Elite One
- Season: 2019–20
- Dates: 18 October 2019 – 16 March 2020
- Champions: PWD Bamenda (first Elite One title)
- Relegated: Dragon Club de Yaoundé
- Champions League: PWD Bamenda
- Confederation Cup: Coton Sport
- Matches: 306
- Goals: 522 (1.71 per match)
- Biggest home win: Coton Sport 6–1 Yong Sports Academy (24 October 2019) Coton Sport 5–0 PWD Bamenda (11 November 2019)
- Biggest away win: Eding Sport 1–5 Feutcheu FC (5 February 2020) Dragon Club 0–4 AS Fortuna (12 March 2020)
- Highest scoring: Colombe Sportive 2–5 Bamboutos (18 October 2019) Coton Sport 6–1 Yong Sports Academy (24 October 2019)
- Longest winning run: Colombe Sportive (5 matches)
- Longest unbeaten run: Bamboutos & Tonnerre Yaoundé (11 matches)
- Longest winless run: AS Fortuna Mfou (12 matches)
- Longest losing run: Tonnerre Yaoundé (6 matches)

= 2019–20 Elite One =

The 2019–20 Elite One was the 60th season of the Elite One, the top-tier football league in Cameroon. This was the first season in the Elite One to use an October–May schedule since the 2011–12 season, it was changed so as to conform with the new CAF calendar.

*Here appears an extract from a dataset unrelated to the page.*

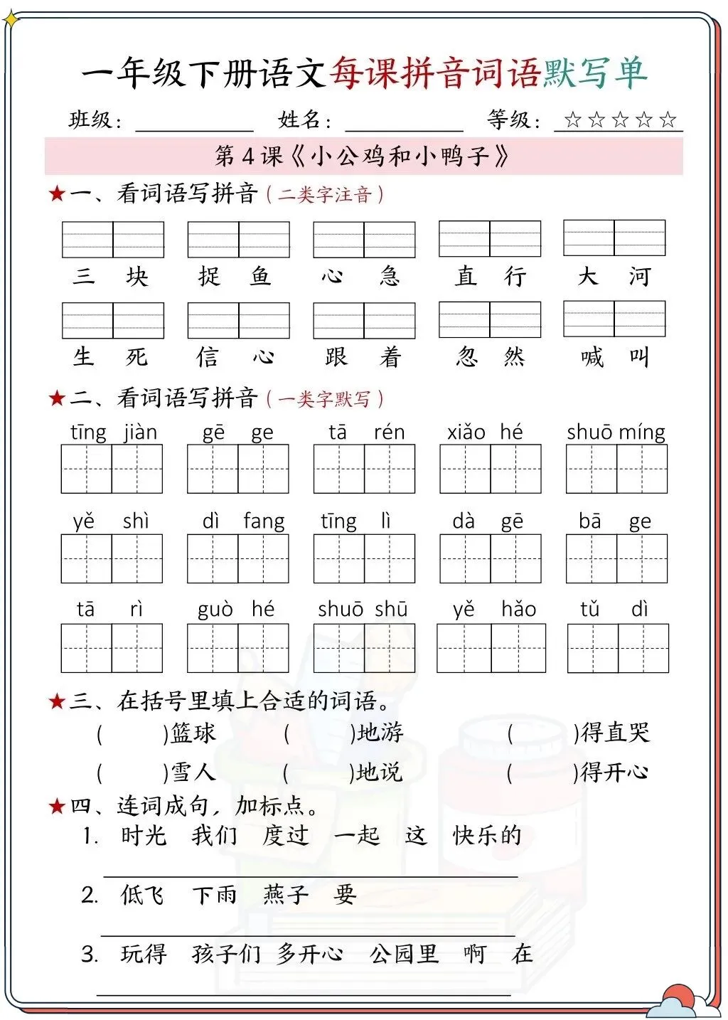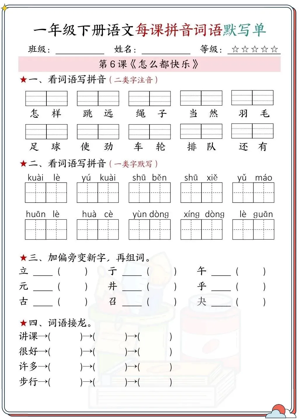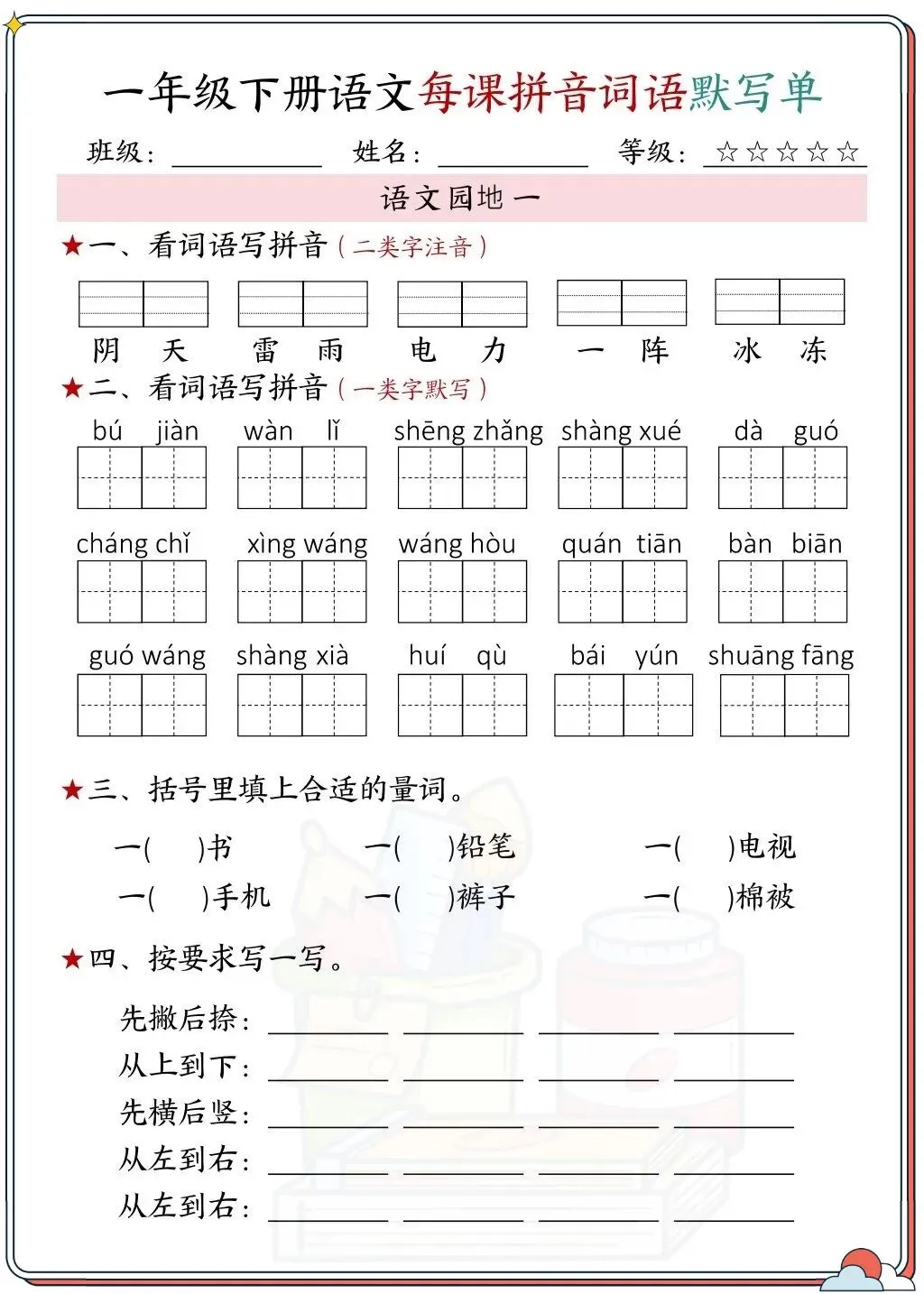 一年级下册语文拼音词语默写单|全课覆盖可打印-可打印

The season started on 18 October 2019 and was scheduled to end on 26 April 2020, but due to the effects of the COVID-19 pandemic, the season was cancelled on 12 May 2020 by FECAFOOT.
PWD Bamenda won their first Elite One silverware as they were crowned champions, alongside Coton Sport, they will represent Cameroon at the 2020–21 CAF Champions League and CAF Confederation Cup respectively as the Cameroonian Cup won't hold this year. Only Dragon Club were relegated to the Elite Two as the teams would be increased to twenty teams during the next season.
There were no Championship and Relegation group this season.

==Teams==
Eighteen teams competed in the league, the top 15 teams from the previous season and the three promoted teams from the Elite Two (Bamboutos FC, Canon Sportif and Panthère du Ndé) while (PWD Bamenda, New Star de Douala and Unisport FC de Bafang) relegated from the previous season after finishing last at the playoffs. PWD Bamenda later replaced Les Astres FC.

Coton Sport FC were the defending champions.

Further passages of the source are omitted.